The detection of CX3CR1+ T cells in the liver of patients with PBC and viral liver diseases suggests that unlike CD28− CD4+ T cells, other T lymphocyte subsets do not decrease their CX3CR1 expression after receptor engagement. The group of cytotoxic effector lymphocytes defined by expression of the fractalkine receptor CX3CR1 includes γδ T cells, 70% of which display this receptor on their cell surface [117]. γδ T lymphocytes have been implicated in various autoimmune diseases, and their frequency is increased in peripheral blood and liver of patients with PBC and PSC [126, 127]. It seems likely, however, that CD8+ T cells, which are strongly implicated in the bile duct damage seen in PBC and which also frequently express CX3CR1, represent the major CX3CR1+ population in PBC liver.
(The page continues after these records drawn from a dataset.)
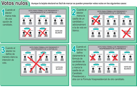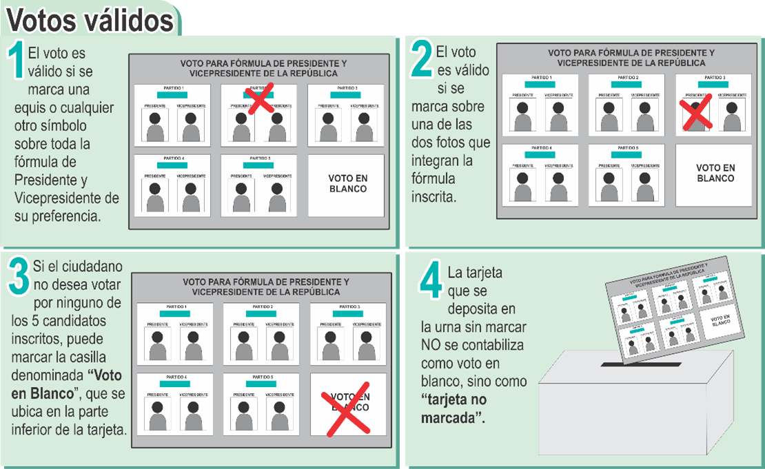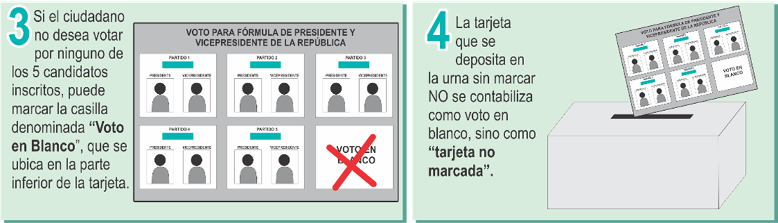 Los ciudadanos que no tengan preferencia por ninguno de los candidatos presidenciales que se encuentran en el tarjetón, podrán marcar la casilla del ‘voto en blanco’; para que este voto sea válido, el votante deberá solamente marcar en la casilla correspondiente con una “X” o con el símbolo que permita inferir su intención de voto, en ninguna otra casilla.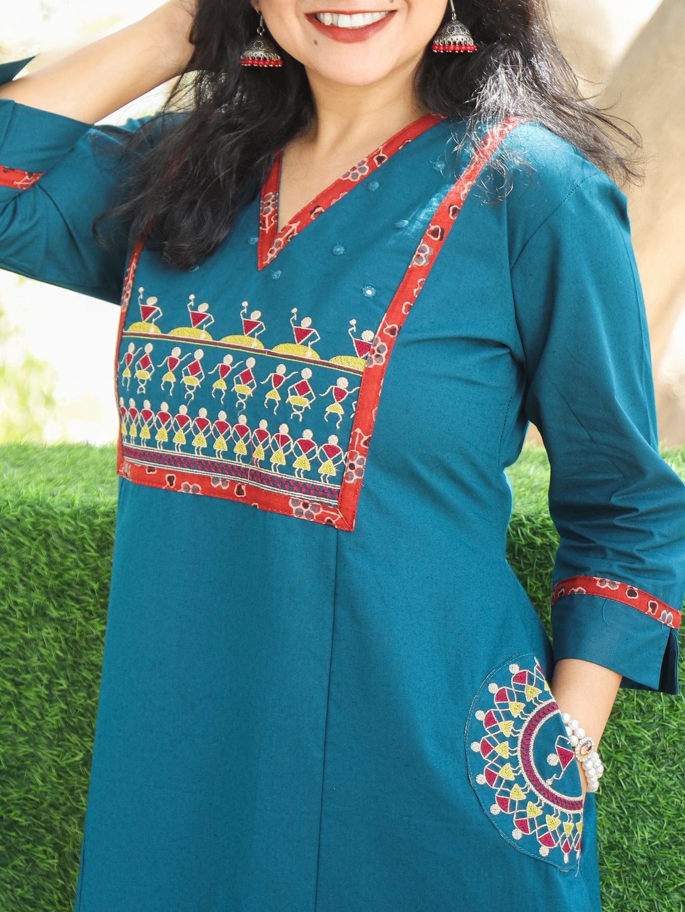 Neck: V Neck with Warli Embroidered Yoke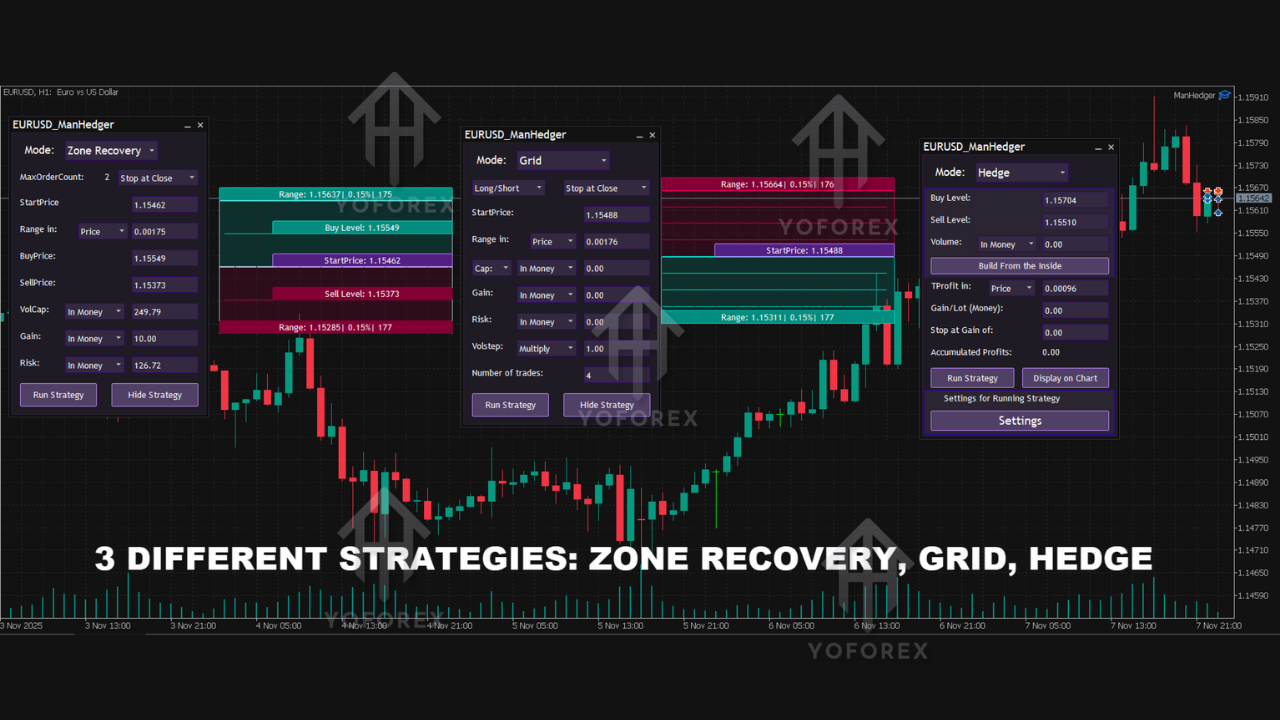 One of the standout features of this EA is its recovery system. If the market moves against your position, ManHedger EA V5.15 MT4 can expand the grid or open additional trades to recover from drawdowns. It automatically adjusts the trading strategy to bring the account back to profitability.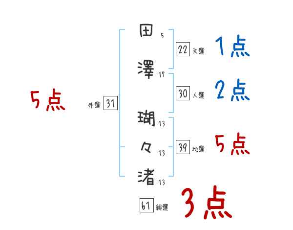 総運![]() | 田澤瑚々渚さんの総運は61画の3つ星!強情な性格でうぬぼれタイプ。自ら破滅する。 あなたの人生を表す1番重要な運勢です。生涯を通じて影響する総合運となり、主に50歳以降の晩年期に影響を及ぼします。 |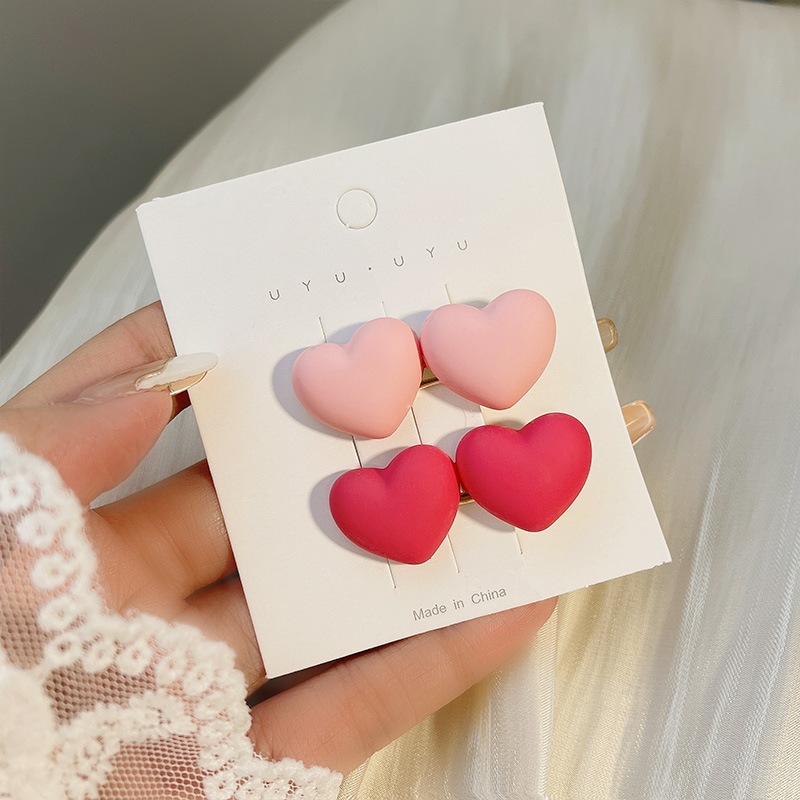핑크 달콤한 작은 머리핀 사이드 클립 여자의 사이드 귀여운 머리핀 소녀의 심장 Duckbill BB 클립 앞머리 클립 머리 장식

The co-expression of fractalkine and CX3CR1 on BEC, as seen in PBC [121], CHC, and acute hepatitis due to HBV infection [122], suggests that interactions between fractalkine and its receptor may also be involved in tissue generation, particularly the recruitment of epithelial cells and their arrangement into ductular structures.

Macrophage inflammatory proteins and monocyte chemoattractant proteins

Although originally named for their ability to attract monocytes or macrophages, certain members of the macrophage inflammatory protein (MIP) and monocyte chemoattractant protein (MCP) families can also induce chemotaxis and transendothelial migration of T cells, in particular activated or memory CD4+ and CD8+ T lymphocytes [86, 128]. In normal liver, portal vessels constitutively express MIP-1α, MIP-1β, and MCP-1, sinusoids and bile ducts show no or only weak immunoreactivity, and hepatocytes are always negative [57, 98, 129, 130]. There is little information on the role of these chemokines in PBC and PSC. MCP-1 is not upregulated on BEC in PBC. However, mononuclear leukocytes in the portal tracts express MCP-1, MCP-2, and MCP-3, and this may in turn recruit additional T cells into this area. Mainly, however, MCP-2 and MCP-3 appear to be involved in the recruitment of macrophages and the formation of granulomata.

Concluding remarks

The existing data on T lymphocyte recruitment to PSC and PBC liver suggest the following scenario: inflammatory signals in both PBC and PSC liver induce or enhance the expression of adhesion molecules such as ICAM-1, VCAM-1, and MAdCAM-1, whereas VAP-1 expression is not altered. At the same time, a variety of chemokines are also upregulated. In PSC, expression of CCL25, CCL21, and CCL28 all are implicated in activating α4β7 integrins and thereby enhancing lymphocyte binding to MAdCAM-1. In addition, CCL21and CCL28 could promote adhesion to VCAM-1 by activating α4β1 integrin. The same holds true in PBC, except that CCL25 does not participate. Several of these chemokines have also been shown to enhance transendothelial migration. Data on other chemokines are largely confined to PBC. They indicate that induced or upregulated expression of MIG and IP-10 in portal tracts may also contribute to enhanced lymphocyte recruitment into PBC liver. Once lymphocytes have entered the portal tract tissue, they are recruited to, and retained around, the bile ducts by the combinatorial or sequential action of CXCL12 (SDF-1), CXCL16, fractalkine (CX3CL1), CCL28, and possibly MIG and IP-10. At this point, the relative importance of each of these chemokines in the recruitment or the retention of lymphocytes around the bile ducts remains unclear. These limited data underscore the complexity of lymphocyte recruitment and homing to the liver. The data also suggest that there is no liver addressin, but instead, liver homing is likely to require complex combinations of adhesion molecule ligands and chemokine receptors that provide not only entry into the liver but also localization to specific liver compartments.